A muffled "On the right" was followed by a further squeal as my hand on her bare ass slipped round to open her up and a finger tip penetrated her pussy.

I used her feet to push open the door, and carried her over to the bed. I dumped her on the pale pink duvet, to the sound of another squeal, and took half a glance around. Some soft toys, a fair amount of pink décor, a poster of Adam Ant and one of Led Zeppelin. A neat desk with school books, and a dressing table with a couple of bottles of perfume. A tape deck, and a stack of tapes.

On the bed she had sat up and managed to get her head free. She was red in the face, and looked stoked on adrenaline. "You git!" she said.

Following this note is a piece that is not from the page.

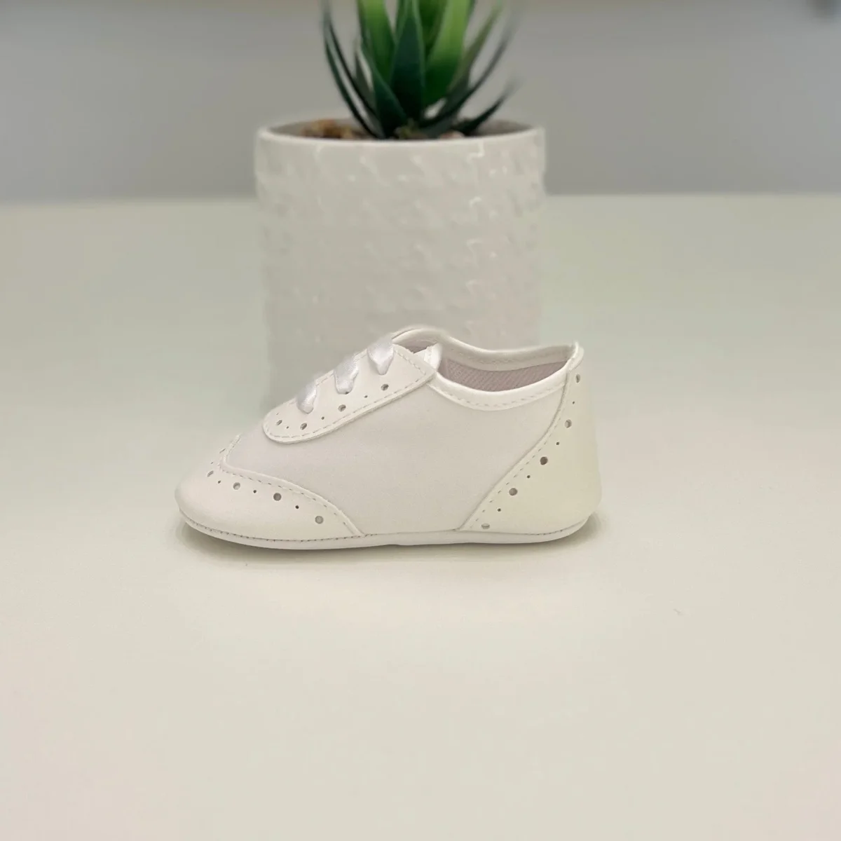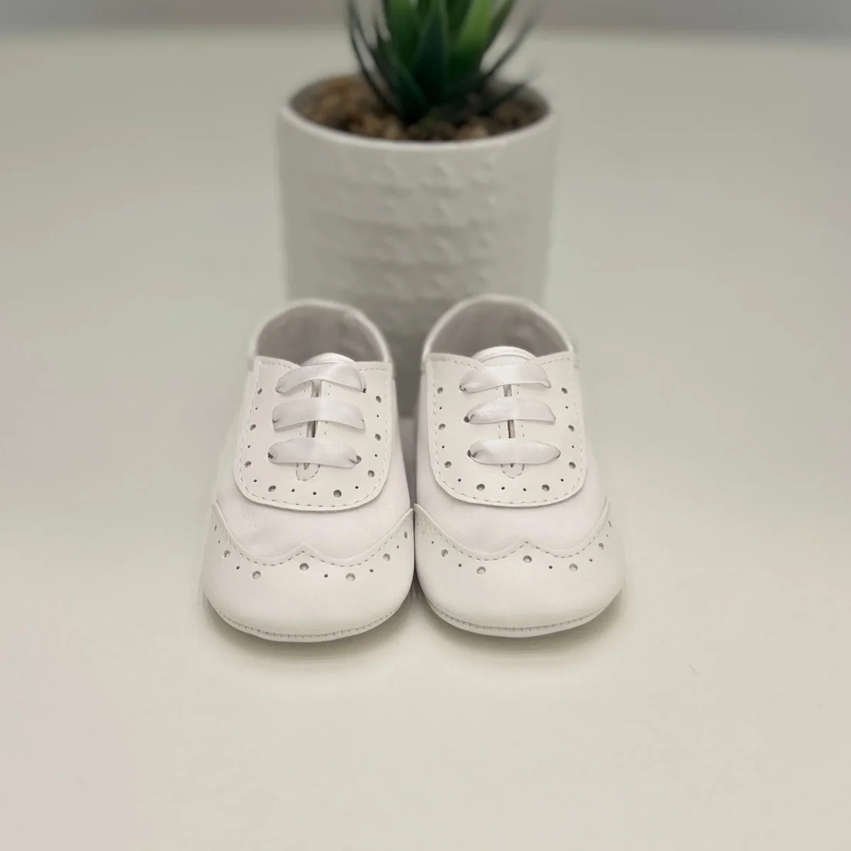 Scarpine da cerimonia neonato in raso e pelle bianca, con stringatura in raso e dettagli traforati. Fondo morbido e calzata confortevole, ideali per un look elegante e raffinato.

I bent to lift her feet and strip her of her jeans and socks and shoes, saying "God, but you are beautiful."

She co-operated with my movements, and sat up again to grab me by the belt. I leaned over to kiss her, and helped undo the buckle, "And you are a great kisser," I added. Then she yanked my trousers down, taking my underpants as well, and in a swift movement grabbed my half erect cock and pulled it to her mouth. Jill sucked on it and I could feel her tongue on the underside. It grew an inch and hardened up in no time flat. I pulled off my shirt and jumper and threw them to one side, and looked down on the naked girl sucking me, as she looked up with shining eyes. Her hands cupped my balls, and she bobbed her head back and forth, and I could see her breasts bouncing slightly, and below them the topmost hair at the base of her stomach. I wanted to have her right then.

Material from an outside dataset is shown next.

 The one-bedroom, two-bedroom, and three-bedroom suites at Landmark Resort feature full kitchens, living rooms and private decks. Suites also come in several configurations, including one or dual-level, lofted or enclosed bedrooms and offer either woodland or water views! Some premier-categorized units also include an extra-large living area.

I managed to control myself long enough to slip off my shoes, and tried to pull off my trousers by using one foot to trap the other leg. She reached down to help, slipping my cock out of her mouth and leaning in to kiss and lick my balls. My cock was against her cheek and her long light brown hair, and her other hand was holding my ass. I lifted one leg to let her pull my trousers off, and it also allowed her more access to lick in under my balls, and round them into the crease of my thigh on the sensitive tendons at the top of my leg. She did the same on the other side, and I was suddenly naked and more turned on than ever.